Une brique dans le ventre

Xavier Campion,

« Putain de crachin… » Willy pestait en boucle. À travers les gouttes, on n’y voyait qu’à deux mètres. Il se déplaçait dans un brouillard nocturne, gras et épais, presque solide.

Quelques heures plus tôt, il s’était rendu, comme prévu, sur un parking désert qui jouxtait une petite route entre Ninove et Zandbergen. Il avait garé sa voiture au milieu de ce no man’s land. Le camion l’attendait silencieusement. C’était un énorme trois tonnes, un tracteur routier jaune et noir avec un fourgon imposant. Il avait calmement grimpé dans la cabine comme s’il avait fait cela toute sa vie. Il avait dissimulé son excitation et sa nervosité comme un vrai professionnel. « Tout commence pour le mieux », avait-il pensé. Et il avait fait démarrer le mastodonte sans même jeter un œil sur le contenu de la remorque. Bien sûr cela l’intriguait au plus haut point. Mais c’était un des éléments clés de sa mission : résister à sa propre curiosité. Il avait donné sa parole et pour rien au monde, il n’aurait voulu tout gâcher.

Il avait ensuite rejoint la frontière, au Nord-Est, et avait traversé la moitié de l’Allemagne. Toujours sous cette pluie battante et infatigable qui ne lui donnait aucun répit. La nuit ne rendait pas son voyage aisé, surtout sur ces routes glissantes. Mais Willy mobilisait toute sa concentration. Un GPS intégré, qui s’était automatiquement mis en route lorsqu’il avait démarré, l’informait au fur et à mesure de son itinéraire. L’ensemble du trajet était resté secret, lui aussi, par mesure de sécurité.

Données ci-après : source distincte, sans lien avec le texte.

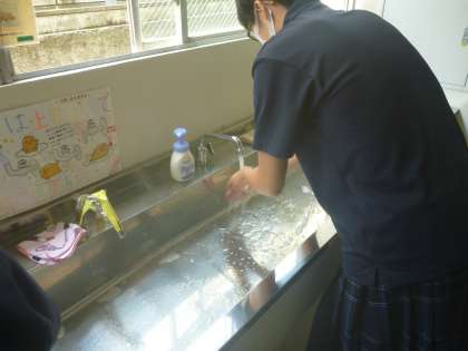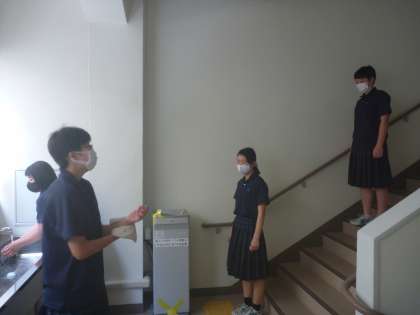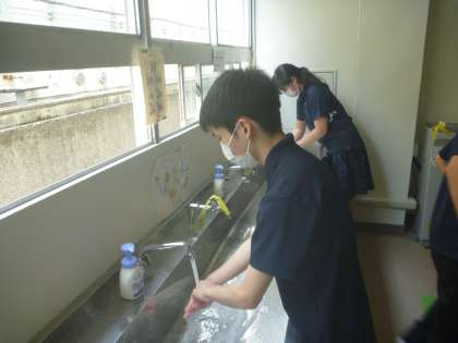 朝登校して、まず手洗いを30秒して、授業が終わるたびに、密にならないように、階段に並び、先生たちがついて、生徒は石鹸をつけて丁寧に手洗いをしています。

Il roulait maintenant depuis une quinzaine d’heures. La fatigue venait maintenant à son tour lui rendre la tâche plus ardue. Mais il avait décidé de prendre chaque obstacle qui se présentait à lui comme une chance. Une chance de rendre sa mission plus héroïque et sa victoire encore plus belle.

Près de Michendorf, après plus de sept cents kilomètres, il avait eu droit à une heure de pause, devant un hangar attenant à une station essence. On l’avait gentiment invité, avec des signes plus ou moins clairs, à prendre un café dans l’arrière-bistrot d’en face. Il était reparti, réservoir plein, sans même savoir si sa remorque avait été chargée ou déchargée.

« Putain de crachin… » L’eau et la boue freinaient son camion inlassablement. Il pestait, mais presque en souriant. Malgré tous les éléments qui se liguaient contre lui, il tenait le cap. Il honorait sa mission et la confiance qu’on avait placée en sa personne.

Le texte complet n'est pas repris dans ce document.